Ironic as it may sound, to avoid bad beats, you have to face them
You can take several steps to avoid bad beats and losing money. Let's cite this scenario as an example. Suppose you're in a high-stakes No-limit match for Texas Hold'Em. When the hole cards came in, you got one pair of sevens. Under this situation in a high-stakes match like this, the cards you received have a small probability of being useful. Your gut will tell you to let it go yet you have been at the table for two hours already and you're becoming uninterested so you opted to call.
Magically, you got another seven from the flop. Now you have a three of the same kind and because the additional two cards from the flop are practically useless, it's very probable that your hand is a bomb. You're aware that you shouldn't come off as very weak hence you put a small raise. Other players call your raise and the match goes on. Suddenly, you got another seven. You now have a quadruples set. You raise one more time and get called once more. You were pretty confident with your hand until it was too late for you to realize that you did not notice the formation of a natural straight. You just lost.
Actually, there's no foolproof way to avoid bad beats in poker. When it takes place, it's usual that you believe what you have is a very strong hand. The truth is, if you happen to make a strong hand, you attempt to make the most amount of chips possible from that hand and when other players play along, it's challenging to know if you're already in trouble.
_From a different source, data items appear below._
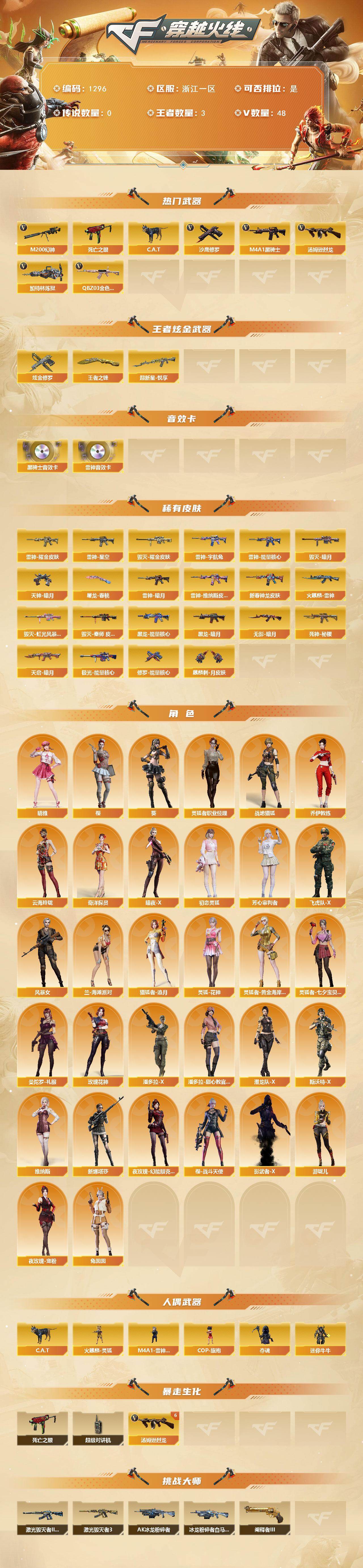 [16360327]浙江一区-48v-3王者-2炫金 【热门武器】:q03-金色蔷薇,m200-幻神,死亡之眼3,c.a.t,m4a1-黑骑士,汤姆逊-烈龙6,加特林-炼狱2,沙鹰-修罗2 【王者炫金武器】:超新星-悦享,王者之锋,炫金修罗2 【音效卡】:m4a1-雷神音效卡,m4a1-黑骑士音效卡 【皮肤】:雷神-暗月,雷神-能量核心,雷神-星空,雷神-耀金皮肤,雷神-宇航兔皮肤,雷神-维纳斯皮肤,m4a1-雷神-新春神龙皮肤,火麒麟-雷神,毁灭-暗月3,毁灭耀金皮肤,毁灭-虹光风暴 皮肤,毁灭-秦师 皮肤,黑龙-能量核心,黑龙-暗月,无影-暗月,死神-秘银2,天启-暗月2,极光-能量核心,修罗-能量核心2,天神-暗月,屠龙-春桃 皮肤,麒麟刺-月皮肤 【角色】:葵,樱,晴雅,战地猎狐,奇洋探员,乔伊教练,云海玲珑,暗夜-x,初恋灵狐,芳心审判者,飞虎队-x,风暴女,兰-海滩派对,猎狐者-追月,灵狐-花神,灵狐者-黄金海岸,灵狐者-七夕宝贝,灵狐者-职业经理,曼陀罗-礼服,玫瑰花神,潘多拉-x,潘多拉-甜心教官,潜龙队-x,斯沃特-x,兔囡囡,维纳斯,新娜塔莎,夜玫瑰-幻能朋克,夜玫瑰-宠粉,樱-战斗天使,影武者-x,游珑儿 【人偶武器】:火麒麟-灵狐,m4a1-雷神-精英刀锋2,cop-旗袍,c.a.t,夺魂,迷你牛牛 【暴走生化】:死亡之眼3,超级对讲机 【挑战大师】:ak47-冰龙粉碎者,冰龙粉碎者-白马银呛2,激光毁灭者iii-白马银呛,激光毁灭者iii,阐释者iii 【英雄级武器】:ak47-火麒麟,m4a1-黑龙,m4a1-雷神2,m4a1-黑骑士,ak47-黑武士,an94-超新星,m4a1-武圣,ak47-黑鲨,黑武士-锦绣游龙,q03-金色蔷薇,ak-47-猩红传说2,barrett-毁灭2,awm-裁决,m200-幻神,barrett-金色蔷薇,加特林-炼狱2,悦蓝-惊涛骇浪-觉醒版,汤姆逊-烈龙6,aa-12-雷霆2,沙鹰-修罗2,沙鹰-天神3,glock18-武圣,屠龙2,龙啸,擎天,麒麟刺3,手蕾-热带奇洋,盐雾蛋-云龙,m4a1-赤狱骑士 【道具】:亚洲杯纪念炫彩背包,冰冰企鹅背包-猛男专用,冰冰企鹅背包,炫彩背包,超级背包2,女皇终结者-魔龙之吻,救世主-黑桃战神,妩媚妖姬,黄金生化钩,绿色巨人,灵
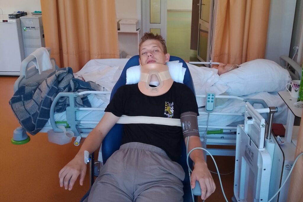 Когда приехала скорая, Николая доставили в больницу Славгорода. МРТ показала перелом шейных позвонков и ушиб спинного мозга. Уже на следующее утро Николая срочно перевезли в краевую больницу, в город Барнаул, где провели операцию — раздробленные части позвонков удалили, соединив позвонки металлоконструкцией.
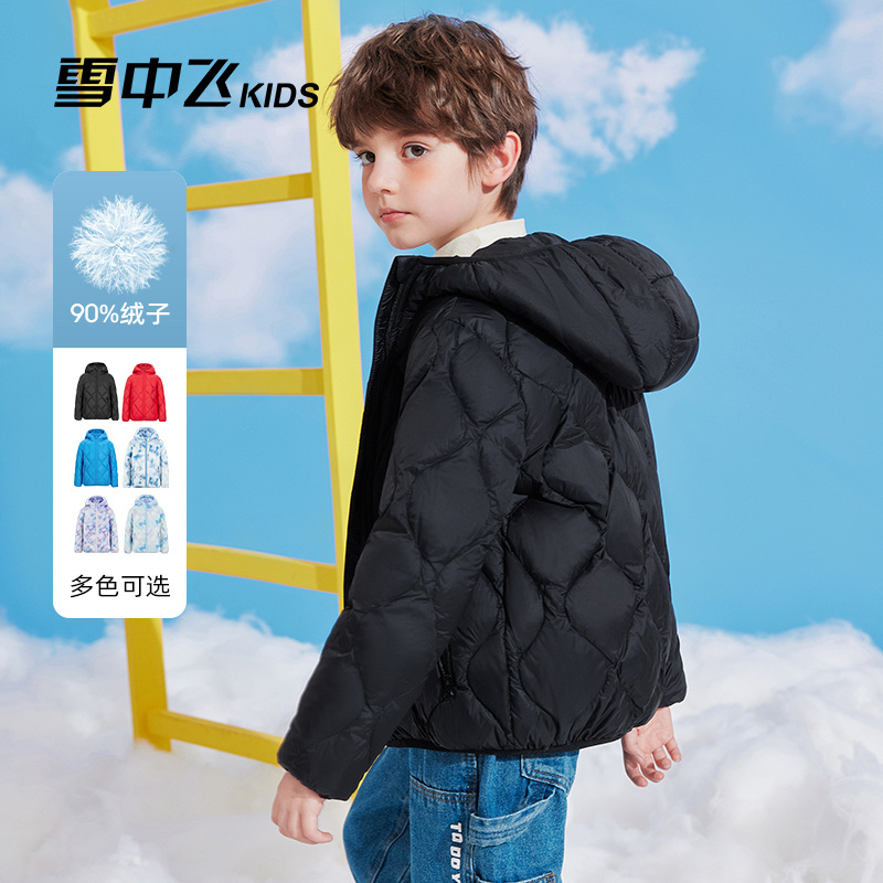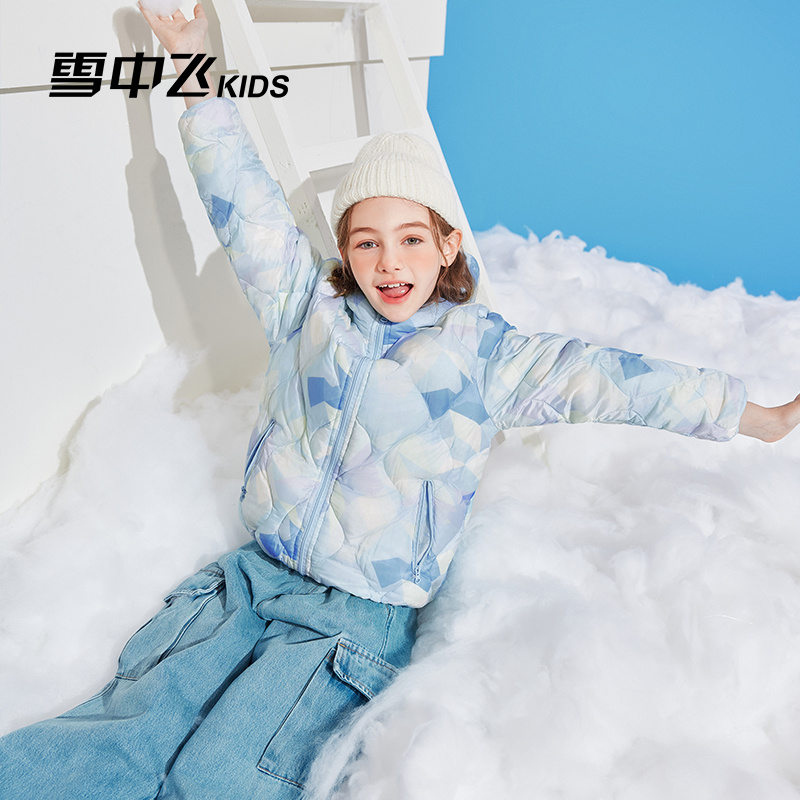 雪中飞kids童装儿童羽绒服保暖新款男童中大童印花女童轻薄羽绒服
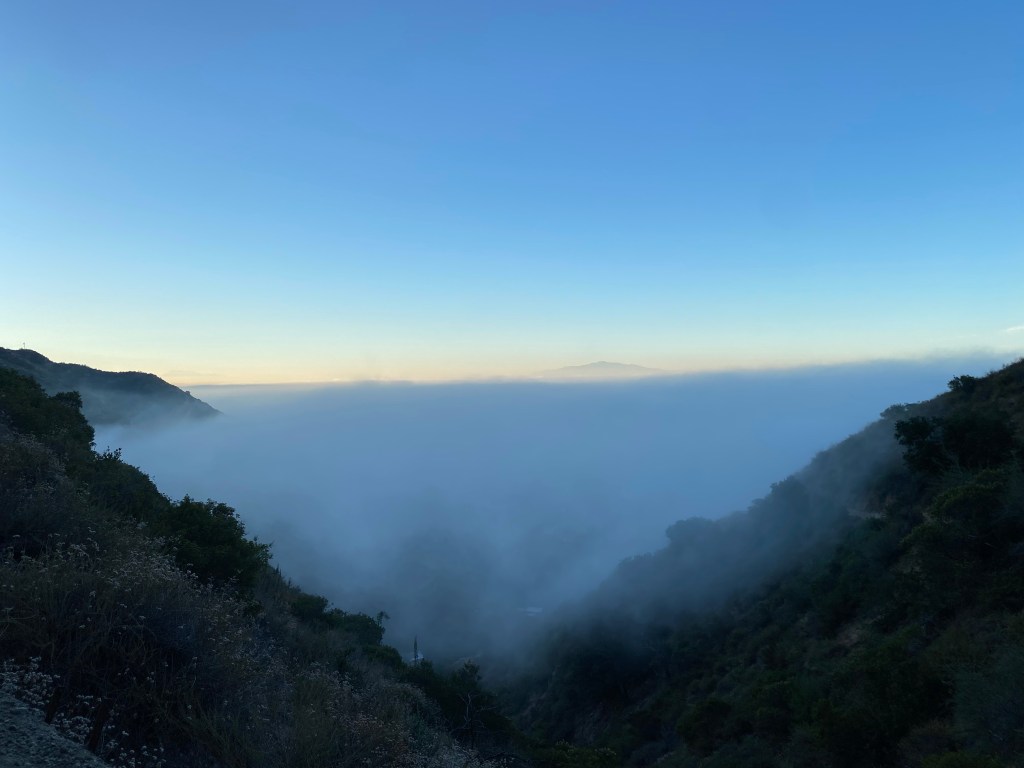 We began the trek to Mt. Wilson in much the same way we’ve started many other hikes on this trail: we met at the trailhead on Mira Monte Avenue in Sierra Madre, just past Mt. Wilson Trail Park early in the morning. Especially knowing that the day would be warm and that the hike would be 14.5 miles out-and-back, it was good to begin while the day was still cool. We could see the bright blue skies above the fog, and I was thankful that the morning was cool enough for a light sweater. Though I knew that I would be shedding it well before we arrived at Orchard Camp.
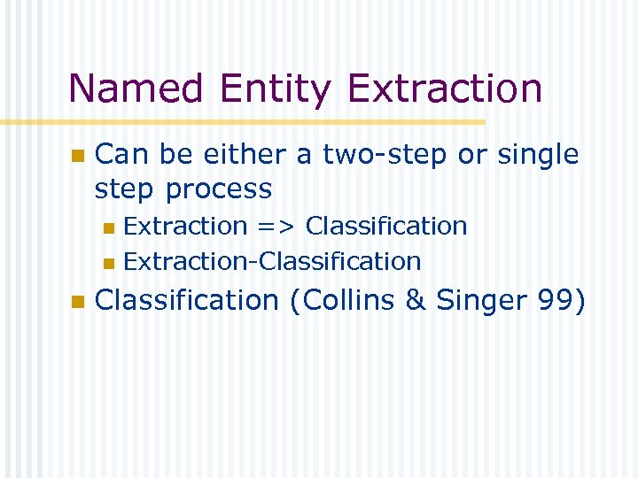 Named Entity Extraction n Can be either a two-step or single step process Extraction => Classification n Extraction-Classification n n Classification (Collins & Singer 99)
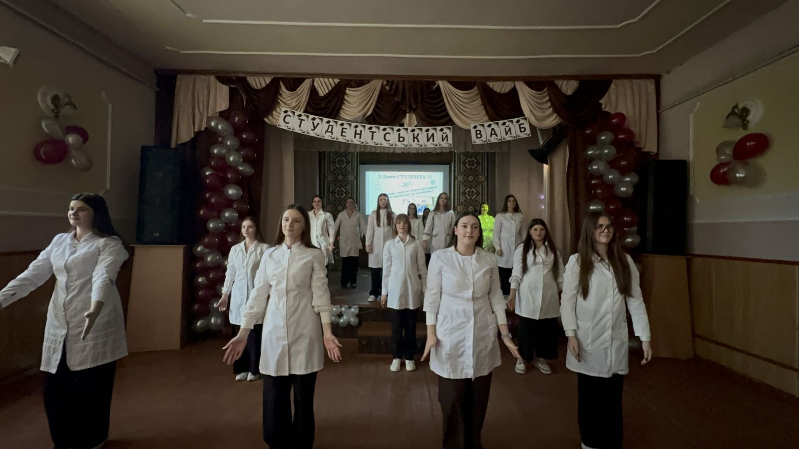 В залі звучали пісні, танці, жартівливі сценки та конкурси, панувала атмосфера справжнього студентського вайбу.

The best technique in order to avoid bad beats is to actually embrace them. It may sound ridiculous but it makes sense. Several establishments offer what is called a Bad Beat Jackpot. For every pot played, they allocate a small amount and combine it in one fund. If a player loses because of a bad beat, the jackpot is triggered and is shared between all the players, with the loser having the biggest share. So, a bad beat isn't really that bad.